Giapreza should be prescribed by physicians in the treatment of septic shock (by raising blood pressure) and used in an acute and hospital setting, recommends the Committee for Medicinal Products for Human Use (CHMP), European Medicines Agency (EMA) in a press release.

Septic shock is a potentially fatal medical condition that occurs when sepsis, which is organ injury or damage in response to infection, leads to dangerously low blood pressure and abnormalities in cellular metabolism. At times such fall in blood pressure is not affected by usual drugs and is termed as refractory hypotension.

European Medicines Agency (EMA) has recommended the granting of a marketing authorisation for the medicinal product Giapreza, angiotensin II acetate injection, intended for the treatment of refractory hypotension in adults with septic or other distributive shocks. It is used for increasing blood pressure (BP) in such patients who remain hypotensive despite adequate volume restitution and application of catecholamines and other available vasopressor therapies.

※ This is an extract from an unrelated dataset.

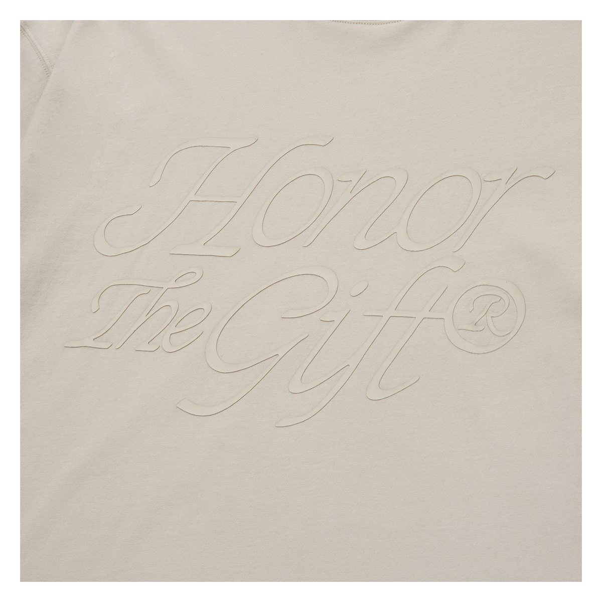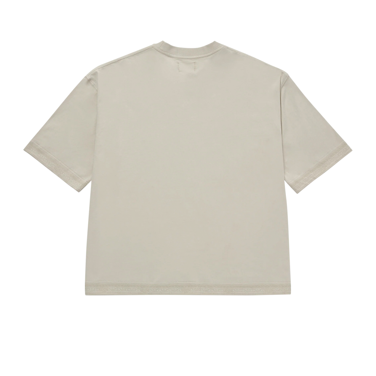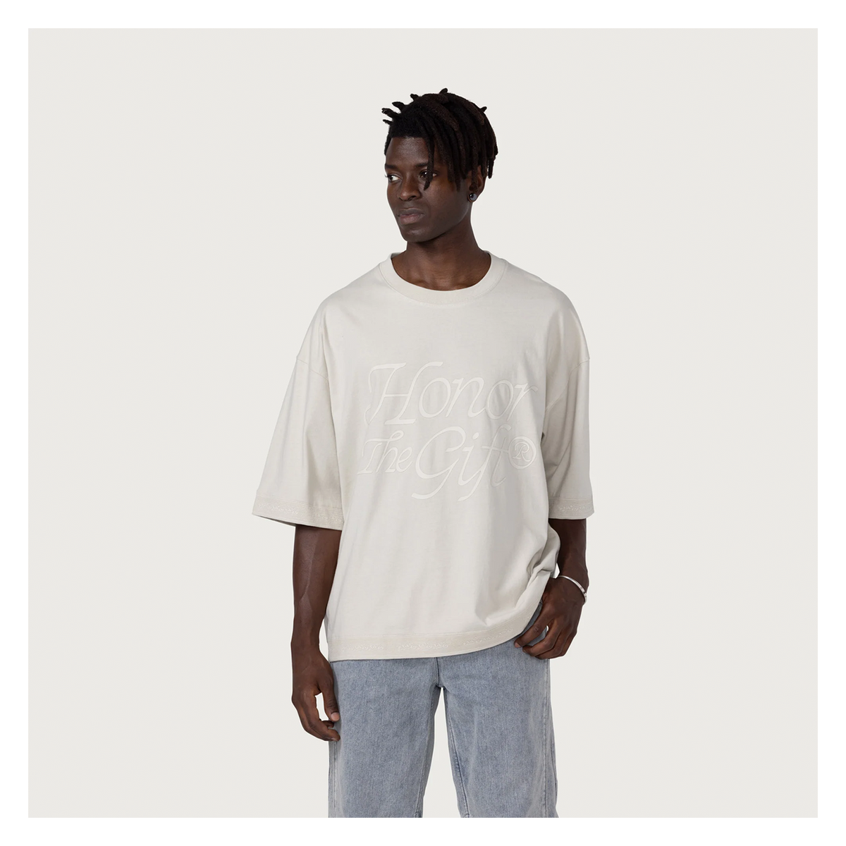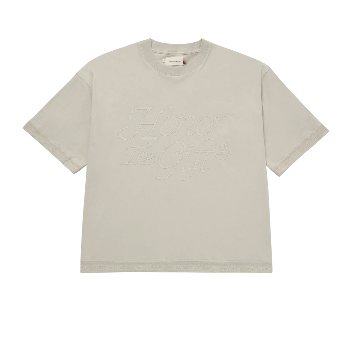 The HTG H Box tee is a premium short sleeve crewneck, cut to a boxy custom fit and garment dyed for a vintage feel. Featuring tonal high-density printed graphic logo on the front, and an intricate pattern around the cuff and hemlines.

Giapreza will be available as a 2.5 mg/ml concentrate for solution for infusion. The active substance in Giapreza is angiotensin II acetate, which raises blood pressure by vasoconstriction. The most common side effects are thromboembolic events, transient hypertension, tachycardia and peripheral ischaemia.

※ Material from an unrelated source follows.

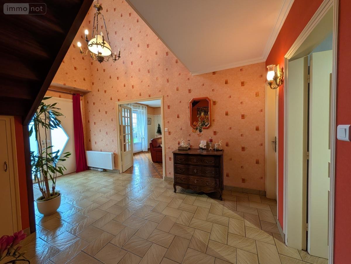 PLEYBER CHRIST, belle maison de 153 m² env comprenant entrée, cuisine, salon/séjour avec poêle à granules récent, cellier, bureau, chambre avec salle d'eau privative, buanderie. A l'étage : 4 chambres, salle de bains, wc. Hangars et dépendances. Terrain 8634 m².

The full indication is: “Giapreza is indicated for the treatment of refractory hypotension in adults with septic or other distributive shocks who remain hypotensive despite adequate volume restitution and application of catecholamines and other available vasopressor therapies, according to press release statement of European Medicines Agency.

"The CHMP's positive opinion is based on data from the ATHOS-3 (Angiotensin II for the Treatment of High-Output Shock) phase 3 study, which established the safety and efficacy of Giapreza in adults with septic or other distributive shocks," the manufacturer La Jolla Pharmaceutical Company said in a news release.

In December 2017, Giapreza (angiotensin II) was approved by the U.S. Food and Drug Administration (FDA) as a vasoconstrictor indicated to increase blood pressure in adults with septic or other distributive shocks. Giapreza mimics the body’s endogenous regulatory peptide that is central to the renin-angiotensin-aldosterone system (RAS) to increase blood pressure.

Warnings and Precautions
There is a potential for venous and arterial thrombotic and thromboembolic events in patients who receive Giapreza. Use concurrent venous thromboembolism (VTE) prophylaxis.

Adverse Reactions
The most common adverse reactions that were reported in greater than 10% of Giapreza-treated patients were thromboembolic events.

Drug Interactions
Angiotensin-converting enzyme (ACE) inhibitors may increase response to Giapreza. Angiotensin II receptor blockers (ARB) may reduce response to Giapreza.